Editorial

E-Mail zwischen Lust und Last


Artikel erschienen in Swiss IT Magazine 2006/16

     

Die NZZ bringt in ihrer Stellenbeilage jedes Wochenende ein Interview mit einer Frau oder einem Mann in Kaderposition. Dabei lautet eine Standardfrage: «Wieviele E-Mails beantworten Sie pro Woche?» Die Antworten lauten meist auf Werte zwischen 60 und 100, selten bis 200 und noch seltener auf «keine». E-Mail ist somit Norm geworden.
1986 war E-Mail technisch bereits reif und im Hochschulbereich die damals wichtigste Internet-Anwendung, aber in der Öffentlichkeit noch unbekannt.

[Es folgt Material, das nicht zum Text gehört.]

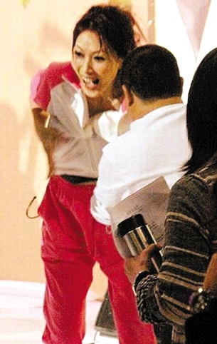 在曾志偉欲脫丘凱敏的褲子時,曾華倩已經(jīng)阻止并警告他說:“有膽量去搞阿姐(汪明荃)!”但曾志偉借酒勁還是脫下了丘凱敏的褲子,隨后又來脫曾華倩的褲子。曾華倩氣急,回頭給了曾志偉一記耳光,讓他一下子清醒過來。
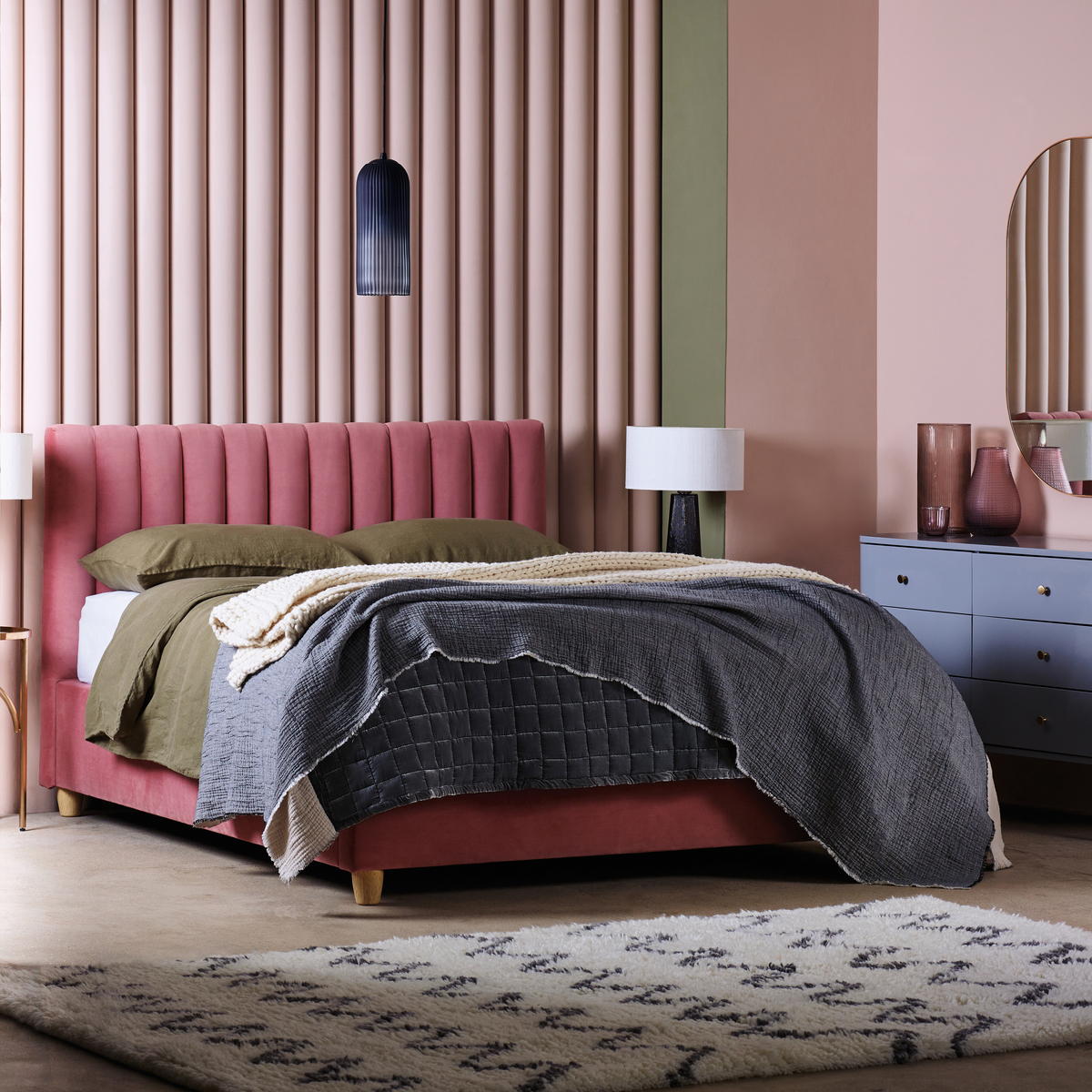 Upholstered in plush velvet for big visual impact, make your morning a little more luxurious with the Deco grey velvet double bed. A modern update on a classic fan-shaped headboard, the deeply padded design’s pulled detailing is matched harmoniously with the bedframe’s solid wood legs, padded sides and sleek modern proportions. With a deep pile and soft-to-touch fabric, each art deco headboard and bed are upholstered by hand resulting in a cleaner, more opulent finish. The soft fabric offers an updated vintage feel to your bedroom alongside stability and comfort and works best paired with muted toned bedding. Adorn Deco with cushions and throws for a cosy, finished look. Part of the Deco range, the bed is available in a pink velvet finish and as a kingsized bed frame.
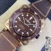 表壳采用CuSn8青铜材质,经磨砂抛光处理,质感细腻且富有复古气息,复刻工艺精准还原了正品的材质特性与外观效果。表镜选用带防眩目涂层的蓝宝石玻璃,不仅具备出色的耐磨性能,还能有效减少反光,确保表盘清晰可视,即使在强光环境下也不影响读时体验。表带采用小牛皮材质,搭配黑色编织橡胶元素,质地柔软且耐用,贴合手腕肌肤,长时间佩戴也无不适感。表扣为磨砂抛光青铜针扣设计,操作简便且稳固,与表壳材质相呼应,兼顾实用性与美观性,从材质到工艺都彰显出复刻表对品质的追求。
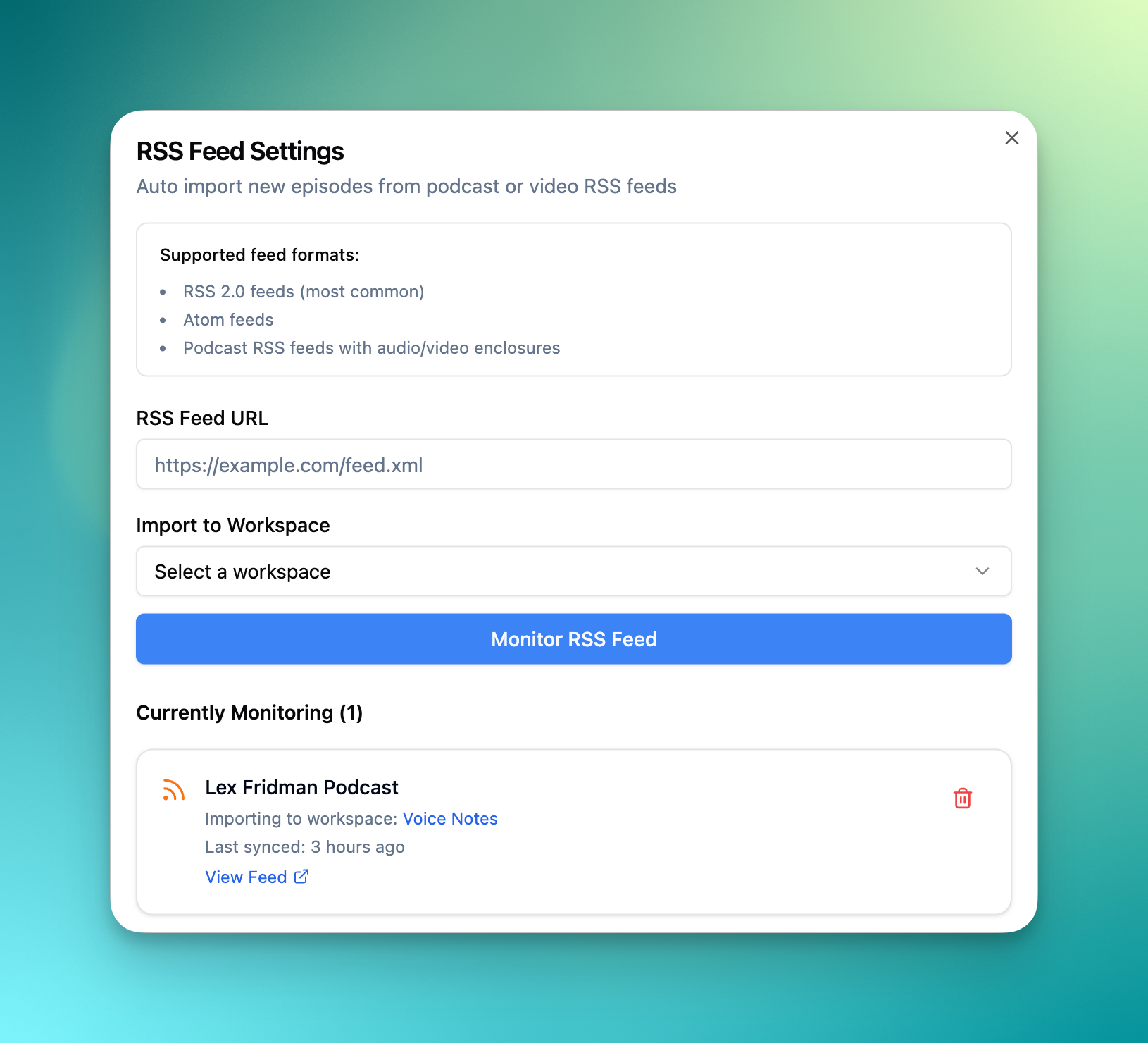 You can now add RSS feed URLs in your integrations to auto-import new podcast episodes as they're published. Perfect for podcasters who want every episode transcribed automatically, or researchers tracking specific shows.
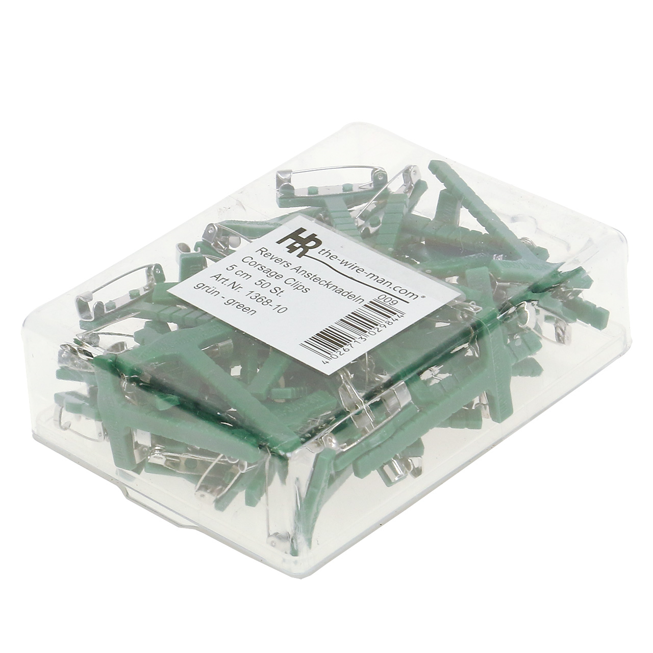 Bryllupsnålene i grønt og sølv fås i et sett på 50 i en hendig, liten eske laget av plast. Hver kontakt måler ca. 2,6 x 5 tommer.
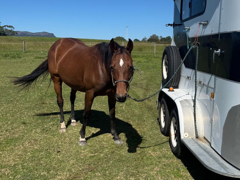 With her previous owner, she was kept on her with no other horses. With us she has lived in with our other horse. She is fine to load on the float by herself and take her for an outing. If she is walked or ridden away for her paddock mate she can become worried.
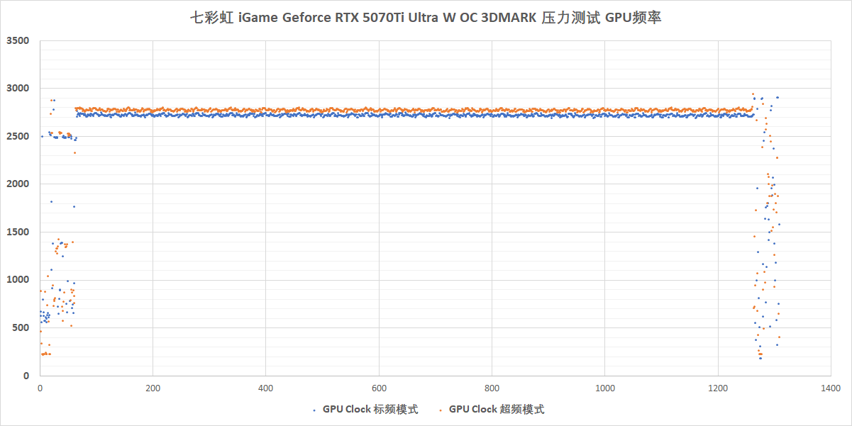 iGame GeForce RTX 5070 Ti Ultra W OC 16GB在一键超频模式下,GPU频率要比标频模式高大约50Mhz基本维持在2700-2800MHz之间
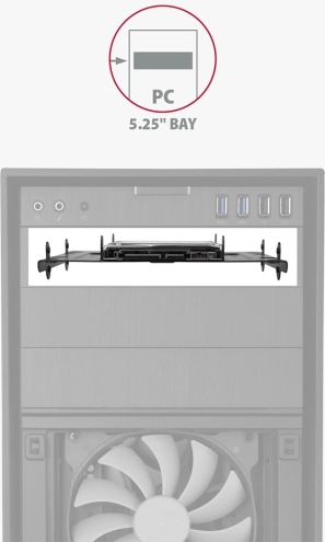 - Afmetingen van het frame en de montagelopeningen komen overeen met een standaard 5,25" bay in de pc-behuizing.
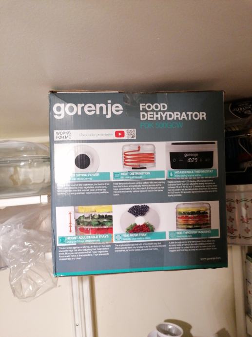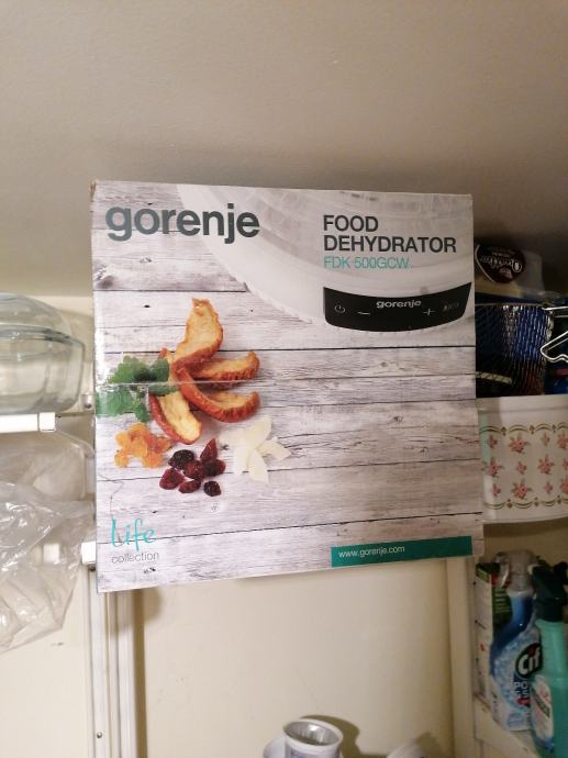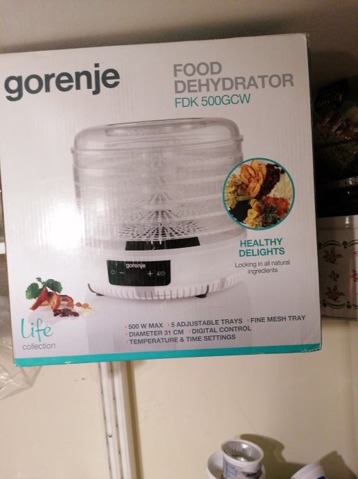 Dehidrator za začine, povrće, voće, gljive. Raspakiran, korišten nekoliko puta za sušenje zelenog začinskog povrća. Sušeno povrće može se samljeti i raditi vlastiti začin za juhe i variva. Kao što se vidi na slici ima više polica koje se slažu okomito ali se mogu koristiti i pojedinačno. Kod sušenja se može kombinirati sadržaj po policama bez mješanja mirisa i arome.
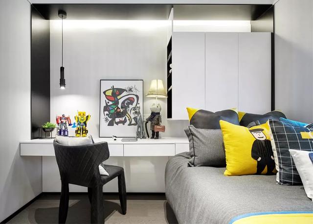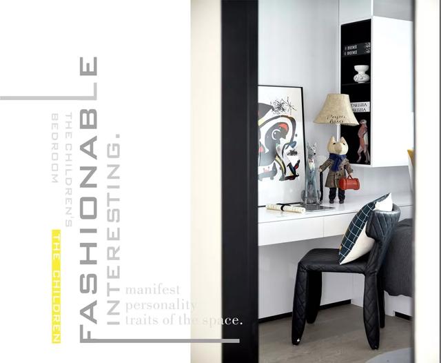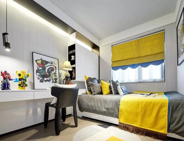 儿童房同样时尚而富有趣味性。明黄的的布艺细节活跃了空间气质。抽象夸张的艺术挂画,可爱俏皮的狐狸灯饰,个性时尚的吉他乐卷...彰显空间的性格特质。

Gleichzeitig begann der Fax damals gerade seinen Siegeszug. 1996 hatte das Web soeben das Internet für jedermann attraktiv gemacht und damit auch E-Mail als allgemeines Kommunikationsmedium. Und 2006 (siehe oben) hat E-Mail im Arbeitsalltag der Schweizer Führungskräfte einen festen Platz und beansprucht manche Stunden teurer Manager-Arbeitszeit. Wie war das möglich?


Manager sind haushälterisch mit ihrer Zeit. Daher haben sie rasch die Vorteile von E-Mail erkannt und schätzen gelernt. Im Gegensatz zum Telefon kennt E-Mail weder Besetztzeichen noch nervenzerrendes Läuten beim nichtanwesenden Gegenüber E-Mail geht immer durch. Die Zeitverschiebung bei globalen Kontakten USA, ferner Osten spielt bei E-Mail keine Rolle mehr. Und ein Weiteres: Manager brauchen Übersicht über Aktuelles und Vergangenes. E-Mails lassen sich geordnet ablegen und mit Suchprogrammen rasch wieder finden, beides mühsame Prozesse bei Telefonaten und Zettelnotizen. Dass E-Mail auch noch portofrei verschickt werden kann, ist für Manager zwar weniger wichtig, aber trotzdem attraktiv. Viele Vorteile also. Der Siegeszug von E-Mail ist begründet.


Aber auch die erfolgreichsten Neuerungen haben ihre Schattenseiten. So schaffen E-Mails einen neuen Zeitdruck. Wer per E-Mail eine Auskunft anfordert, erhofft sich die Antwort innert Stunden, während mit der Briefpost ganz selbstverständlich Tage gewartet werden konnte. Wer Mails erst nach Tagen beantwortet, gilt leicht als Langweiler und das dürfen Manager nicht sein. Eine weitere und oft beklagte Last beim E-Mail-Verkehr ist die Flut der eingehenden Mails. Spam gehört dazu, aber auch die vielen unnötigen Kopien («ein cc kostet ja nichts!»), die oft so locker verschickt werden und viele Empfänger unnötig belasten. Und immer häufiger vergällen neue Probleme die Freude am Umgang mit dem bequemen Kommunikationsmedium E-Mail: Zuerst meldeten sich die Sicherheitsleute (Viren & Co.) und neuerdings sogar die Juristen, die angesichts zunehmender Haftpflichtfragen auch für Mails in Unternehmen die Archivpflicht anmahnen.
E-Mail ist somit ein Paradebeispiel für moderne Informatikentwicklungen und Fortschritte im Büro:


++ E-Mail kam nicht plötzlich, es dauerte Jahrzehnte bis zur vollen Akzeptanz.




++ E-Mail hat überzeugende Vorteile und kann sehr nützlich sein.


++ E-Mail hat kritische Nachteile, die beachtet werden müssen.


Wer moderne Informatikanwendungen nutzen will oder gar für deren Funktionsfähigkeit in einem Unternehmen verantwortlich ist, sollte sich diese drei Tatsachen immer vor Augen halten. Informatikanwendungen sind Infrastruktur, ihre Einführung braucht Zeit und Übersicht, damit der Nutzen gross wird und allfälliger Schaden vermieden werden kann.